I would try anywhere up near huntsville if you get a chance. Theres turkeys on the middle fork wma, but you will have to hike back in to get to them. Ive also seen birds up near snowbasin during thr hunt, but have personally never hunted up there. East canyon wma also holds a small flock or two, ive heard gobbles by the pond on multiple occassions.
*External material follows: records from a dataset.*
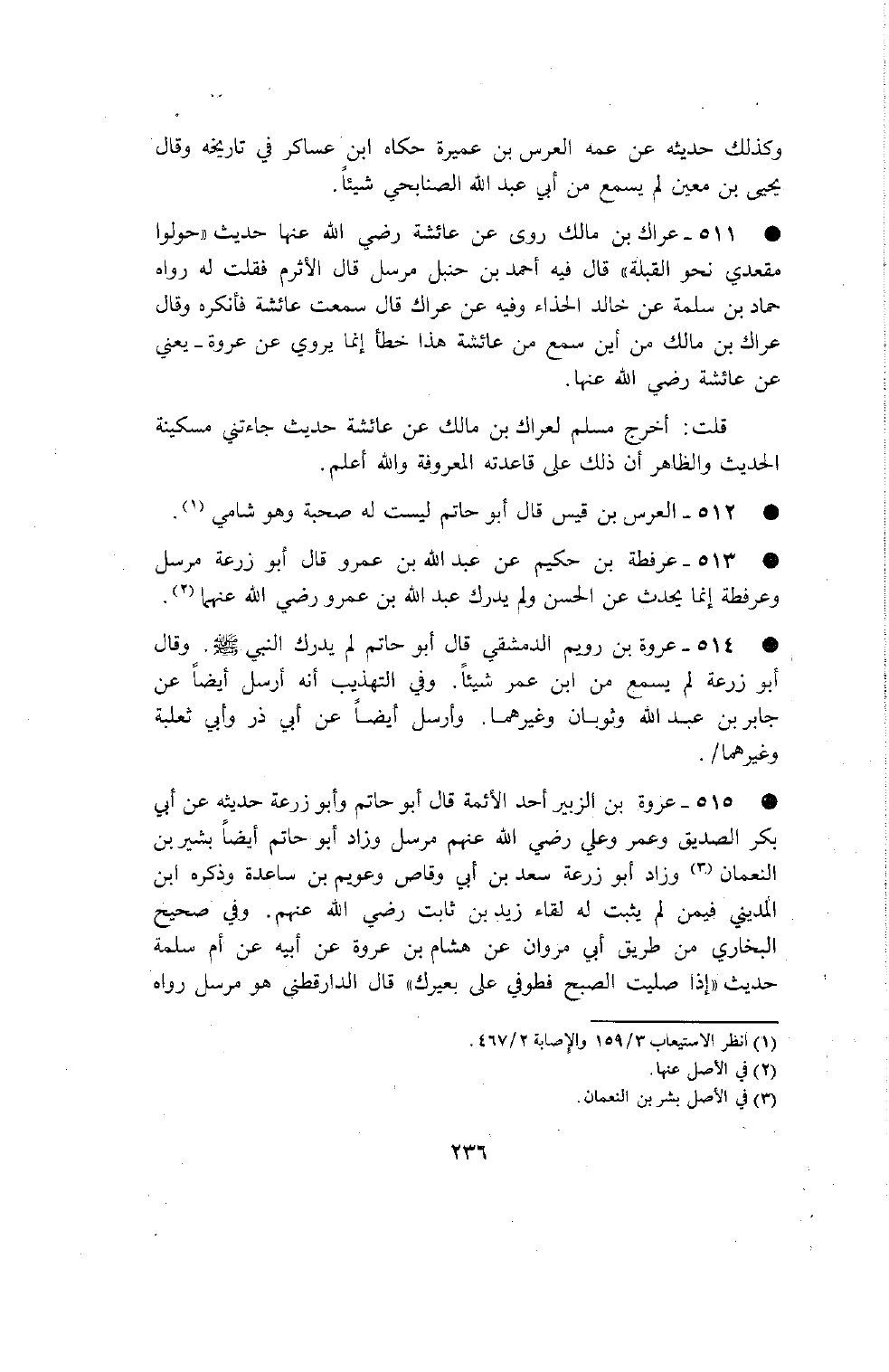 515 - عروة بن الزبير أحد الأئمة قال أبو حاتم وأبو زرعة حديثه عن أبي بكر الصديق وعمر وعلي رضي الله عنهم مرسل وزاد أبو حاتم أيضا بشير بن النعمان وزاد أبو زرعة سعد بن أبي وقاص وعويم بن ساعدة وذكره بن المديني فيمن لم يثبت له لقاء زيد بن ثابت رضي الله عنهم وفي صحيح البخاري من طريق أبي مروان عن هشام بن عروة عن أبيه عن أم سلمة حديث إذا صليت الصبح فطوفي على بعيرك قال الدارقطني هو مرسل رواه حفص بن غياث عن هشام بن عروة عن أبيه عن زينب بنت أم سلمة عن أم سلمة وكذلك رواه مالك في الموطأ عن أبي الأسود عن عروة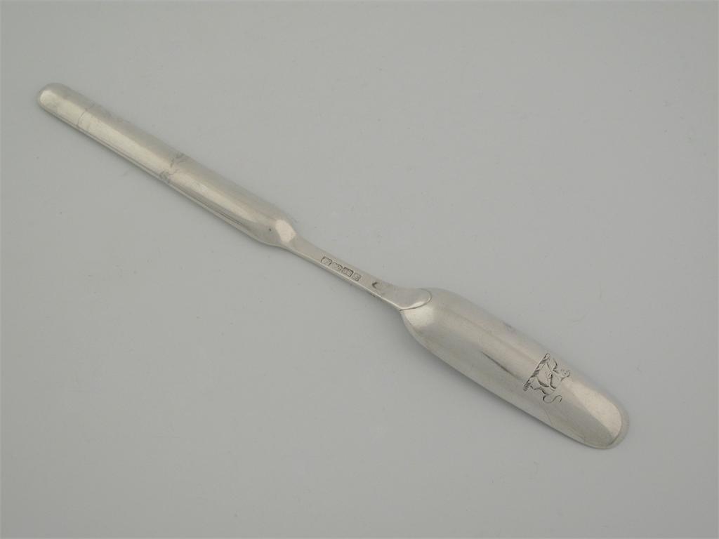 A George III Irish marrow scoop, crested, by Arthur Murphy, Dublin 1808, 9.25in (23.5cm) long, 1.5oz.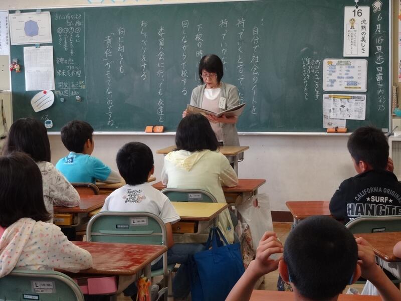 6月9日の朝の読み聞かせの様子です。毎週木曜日の朝に九輪草の会の方に来ていただき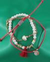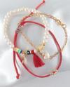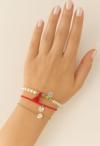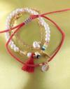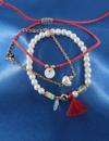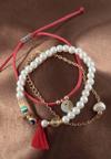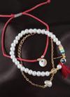 Keeba 3lü nazar boncuklu incili püsküllü asansörlü lastikli kırmızı ip bileklik. Kadın ip bileklik halhal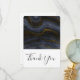 A flat thank you card with a beautiful image of dark abstract agate stone. Colours swirl in waves. Main colours are black, blue-grey with a faux-gold ribbon running through the design. Modern and trendy. Personalized message on the back.
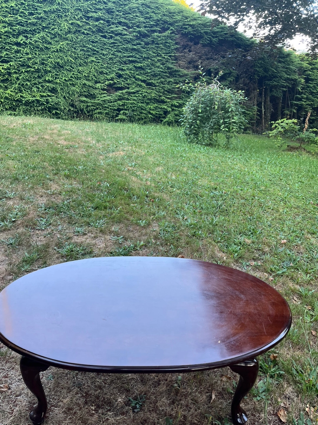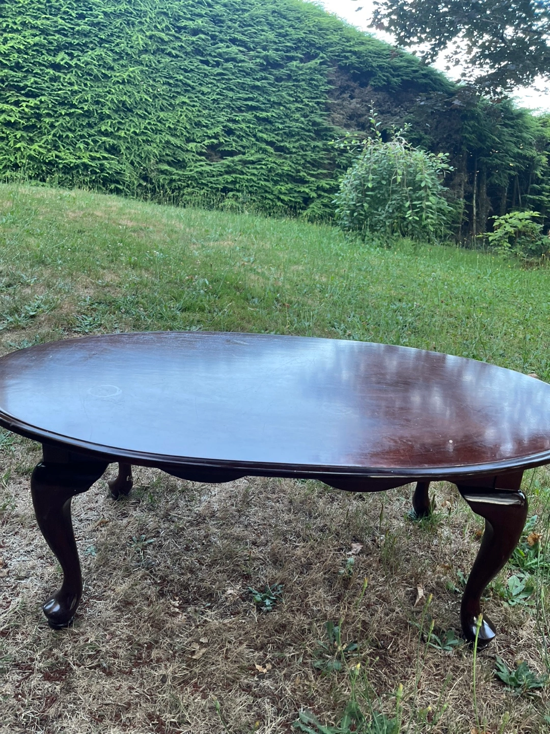 Selling a lovely oval-shaped wooden coffee table. It's a nice piece to add to your living room. The table is in good condition and has a classic design with elegantly curved legs

If youre up for more of a drive, maybe give mantua or the logan area a shot. Lots of turkeys up there, just got to know where to find them. Just get up early and gp for a hike in one of these areas, the gobbles will let you know where they're at. Maybe consider getting a crow or owl call as well, use them to try for some shock gobbles.


----------



## Critter (Mar 20, 2010)

Get up to the snow line in canyons that have water in them, I know all the canyons have water in them at this time of year. But turkeys like to follow the creeks back up high to the snow line or just below it.


----------



## maverick9465 (Nov 21, 2016)

Oblivion5888 said:


> I've hunted henefer echo for big game for the majority of the past decade. About 9 or 10 years ago we used to see a flock over by the fire canyon side every fall, but i havent seen that flock or any turkeys up there in probably 6 years. Dont know if the weather got em, coyotes, or maybe they just moved somewhere else. It doesnt mean there isnt turkeys up there, but if there is, i havent seen or heard them for years.
> 
> I would try anywhere up near huntsville if you get a chance. Theres turkeys on the middle fork wma, but you will have to hike back in to get to them. Ive also seen birds up near snowbasin during thr hunt, but have personally never hunted up there. East canyon wma also holds a small flock or two, ive heard gobbles by the pond on multiple occassions.
> 
> If youre up for more of a drive, maybe give mantua or the logan area a shot. Lots of turkeys up there, just got to know where to find them. Just get up early and gp for a hike in one of these areas, the gobbles will let you know where they're at. Maybe consider getting a crow or owl call as well, use them to try for some shock gobbles.


Thanks so much for the input! I'll have to check out Mantua and somewhere up in Logan. You've helped save me a ton of wasted time/effort. DWR said Middle Fork has a lot of pressure.


----------



## maverick9465 (Nov 21, 2016)

Critter said:


> Get up to the snow line in canyons that have water in them, I know all the canyons have water in them at this time of year. But turkeys like to follow the creeks back up high to the snow line or just below it.


Great tip. I was considering checking this out around Farmington Canyon. Thanks!


----------



## JuniorPre 360 (Feb 22, 2012)

maverick9465 said:


> DWR said Middle Fork has a lot of pressure.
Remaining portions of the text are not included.